#### [Input data]

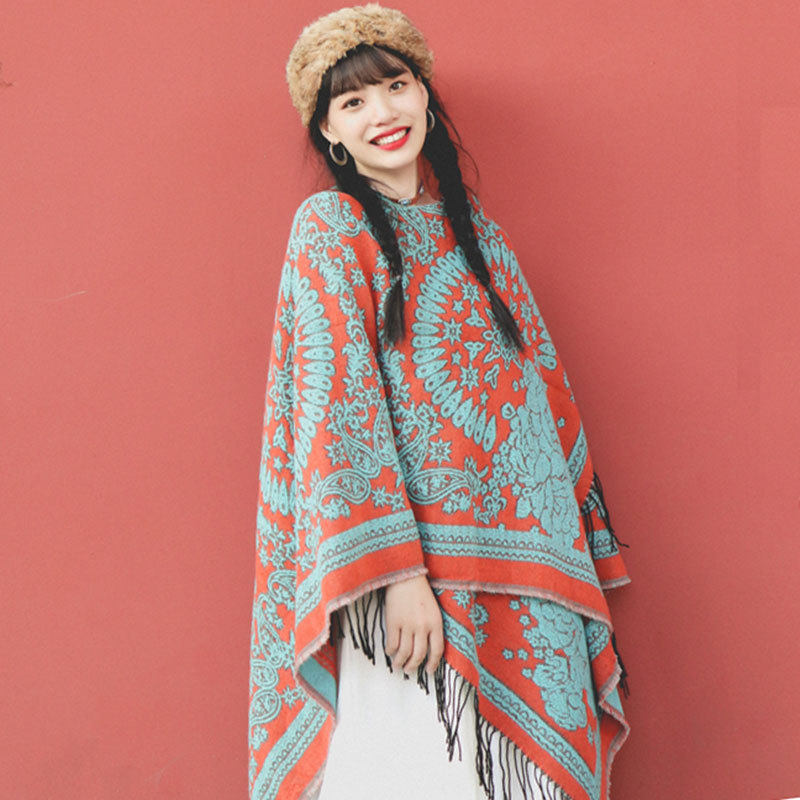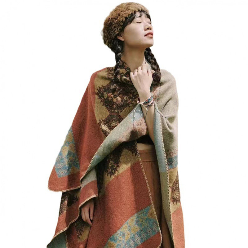 春夏民族风披肩云南旅游大斗篷空调房披肩仿羊绒围巾保暖外搭
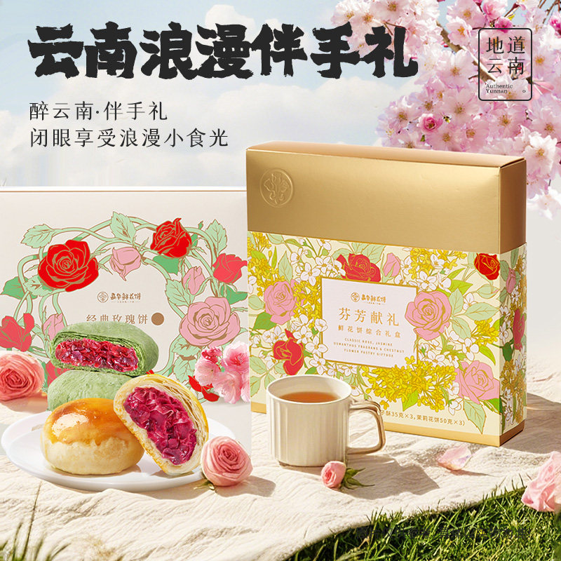 嘉华鲜花饼云南特产玫瑰花饼礼盒装多口味传统糕点心零食送礼佳品
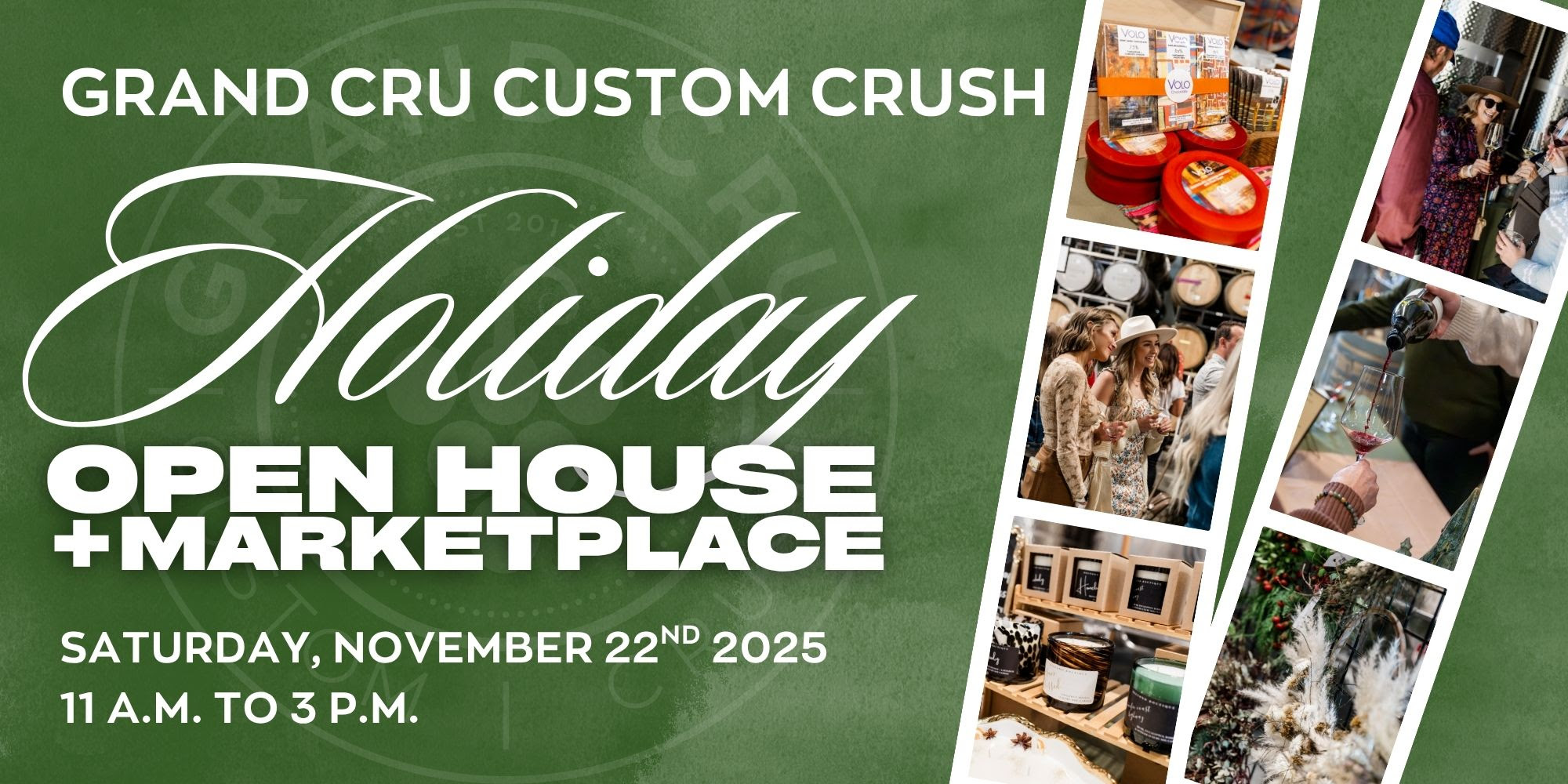 The holidays are coming up fast, and we’re so excited to invite you to our Holiday Open House + Marketplace on Saturday, November 22nd at Grand Cru Custom Crush!

#### [Problem to solve]
The expected answer is the data retyped exactly, without pictures.

#### [Result]
 春夏民族风披肩云南旅游大斗篷空调房披肩仿羊绒围巾保暖外搭
 嘉华鲜花饼云南特产玫瑰花饼礼盒装多口味传统糕点心零食送礼佳品
 The holidays are coming up fast, and we’re so excited to invite you to our Holiday Open House + Marketplace on Saturday, November 22nd at Grand Cru Custom Crush!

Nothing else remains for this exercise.